Introduction: High-speed Clock for Slow-motion Videos

Almost everyone with a modern smartphone has a high-speed camera that can be used for making spectacular slow-motion videos. But if you want to measure how long it actually takes for that soap-bubble to burst or that watermelon to explode, you may find it hard to display the time on your videos: a stopwatch has a very small display and has a precision of only 1/100th of a second. If you want to do quantitative measurements, I found out that the published frame-rate of a camera is not something that you can rely on!

Fortunately, it is really easy to construct a clock with ms precision and bright large digits using an Arduino and a 4-digit 7-segment display. Moreover, the 12 pins from a standard 0.56” display exactly match the pin-layout of the Arduino Nano, and can be directly soldered onto it.

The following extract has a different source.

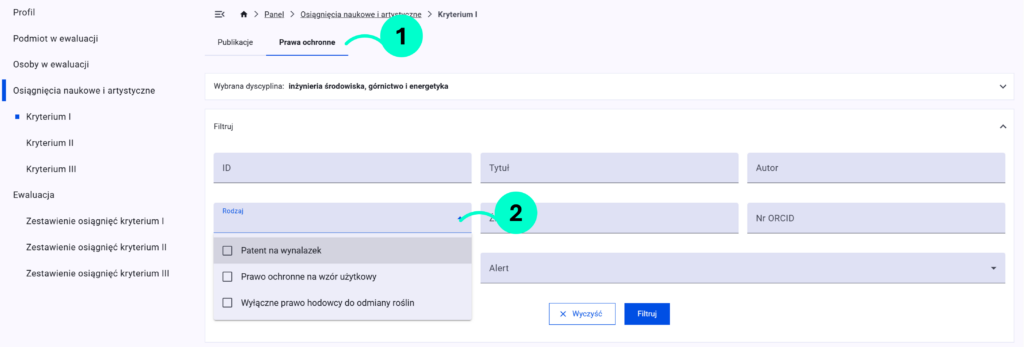 Aby wyszukać patent, w Kryterium I przejdź do zakładki Prawa ochronne (1), a następnie w filtrach wyszukiwania wybierz w Rodzaj osiągnięcia (2) odpowiednio opcję:
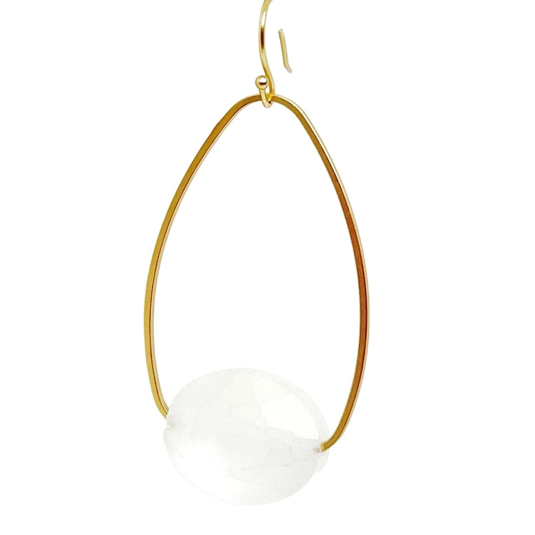 Matte White CrystaL Matte Gold Inset Oval Earrings

There is no start/stop/reset on this timer. It just starts running when you switch it on and overflows after 10 seconds. The idea is that to measure the duration of a certain process, we anyway measure the time difference between the end and the beginning.

Step 1: Materials

  • An Arduino Nano, without the headers soldered onto it.
  • A 0.56” 4-digit 7segment display. Both common-anode or common-cathode are OK

In case you want to put it in a sturdy box, and be battery-operated on 2 AA batteries, add:

  • A 60x100x25 electronic project box
  • A 2xAA battery holder
  • A step-up module
  • A 10x15mm on/off rocker switch

Tools required

  • Soldering iron

To mount it in a box:

  • A rotary tool to crude-cut the holes for the display and the switch
  • Hand-files to fine-cut the holes
  • A hot-glue gun to fix the components in place.

Step 2: Connecting the Arduino to the Display

Amazingly, the pins of a standard 4-digit 7-segment display match the layout of an Arduino Nano in such a way that all 12 pins of the display connect to IO pins of the Arduino. This allows to solder the display directly on the Arduino without needing a PCB, connectors or cables.

Solder the bottom pins of the display (recognizable from the decimal dots and the print) to the analog pins A0-A5. Solder the top pins of the display to the digital pins D4-D9.

Red LED’s have a voltage drop of only 2V, so connecting them to a 5V is usually not a good idea, and a series resistor is usually applied to limit the current. However, maybe due to the interleaving, I found that it works OK without series resistors. If not, here is a detailed instructable on how to add series resistors directly on the Arduino Nano

Step 3: The Code

Upload the attached sketch to the Arduino Nano. The present code is for a common-anode display, but the lines for common-cathode can be uncommented.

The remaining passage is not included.